|
Boost : |
Subject: Re: [boost] Boost.Bloom_filter now in Sandbox (WAS Re: Interest in a Bloom Filter?)
From: Dean Michael Berris (mikhailberis_at_[hidden])
Date: 2009-06-09 11:47:23
Hi Manuel,
On Tue, Jun 9, 2009 at 8:45 PM, Manuel
Fiorelli<manuel.fiorelli_at_[hidden]> wrote:
> About the implementation:
> If I understand your implementation, you do something like that:
> given a value V,
> you compute a number X (say the digest of V),
> then you compute K different values applying the transformation (X +
> offset) mod(M)
>
Right. This naive filter will almost always create K consecutive
indexes (or results) from the hash functions.
> I don't know if this produces k hash functions suitable for bloom
> filters, but, why don't you use Boost.hash to compute X? Also, it
> would be easier to define the requirements on the Input type.
>
I've considered using Boost.Hash to compute the hash values -- the
naive implementation up there is meant to be a sample. I'm in the
process of (re)thinking how the functions are made part of the type
instead. Maybe instead of just Boost.Array's at construction time I'll
consider Fusion-compatible sequences that are part of the signature
(thus the type of the filter).
> About the documentation:
> I think that the following paragraph in the documentation must be reformulated
>
> <snip>
> To find out whether we've encountered a certain URL before, we simply
> pass the URL to the same three hash functions. If we see that all the
> positions returned by the three hash functions are all 1, then we
> might have seen the URL before -- this is called a false positive.
> </snip>
>
> indeed, you cannot say that the URL is a false positive, since it
> could be equal to an URL stored previously.
>
Right, I need to make that a little more clear. Thanks for pointing it out.

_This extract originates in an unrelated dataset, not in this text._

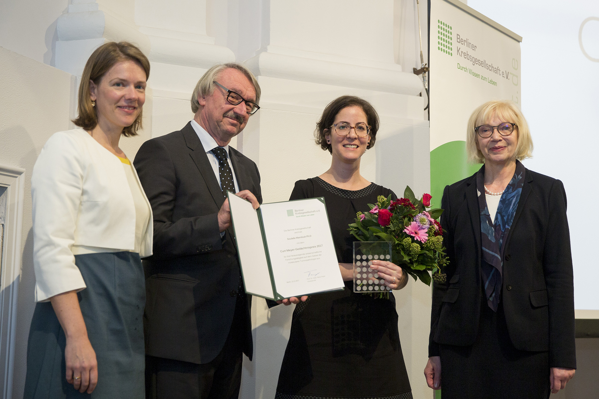 Caption: Winner Soulafa Mamlouk at the award ceremony on 12 November 2017: (f.l.t.r.) Kristina Zappel (Managing Director Berliner Krebsgesellschaft e.V.), Prof Dr Dr Günter Stock (Chairman Einstein Foundation Berlin), Soulafa Mamlouk Ph.D (German Cancer Consortium), Prof Dr Petra Feyer (Chairman Berliner Krebsgesellschaft e.V.). (© Berliner Krebsgesellschaft)
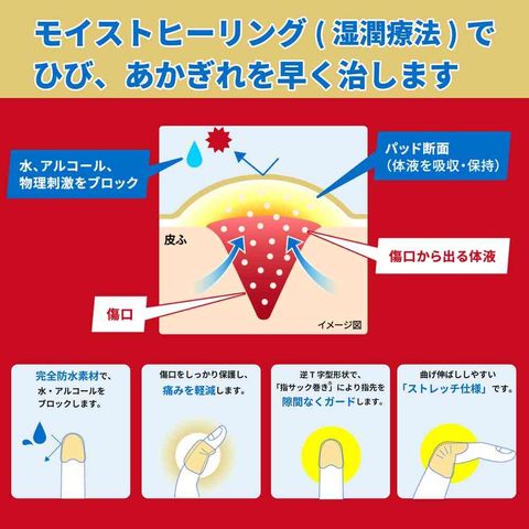 ひび、あかぎれ、軽度のきり傷、すり傷、さし傷、かき傷、さかむけ、靴ずれ等の創傷及び軽度のやけどの「保護」、「湿潤環境の維持」、「治癒の促進」、「痛みの軽減」

> IMHO, you should describe the mathematical principles in more detail
> and, moreover, you should discuss in more detail the false positives
> and how to control their rate.
>
I agree. I'll work on it some more and gather more resources worth referencing.
> Even if it isn't mandatory, it would be nice if you write your
> documentation in QuickBook format, since it will uniform both the
> documentation toolchain and the documentation look.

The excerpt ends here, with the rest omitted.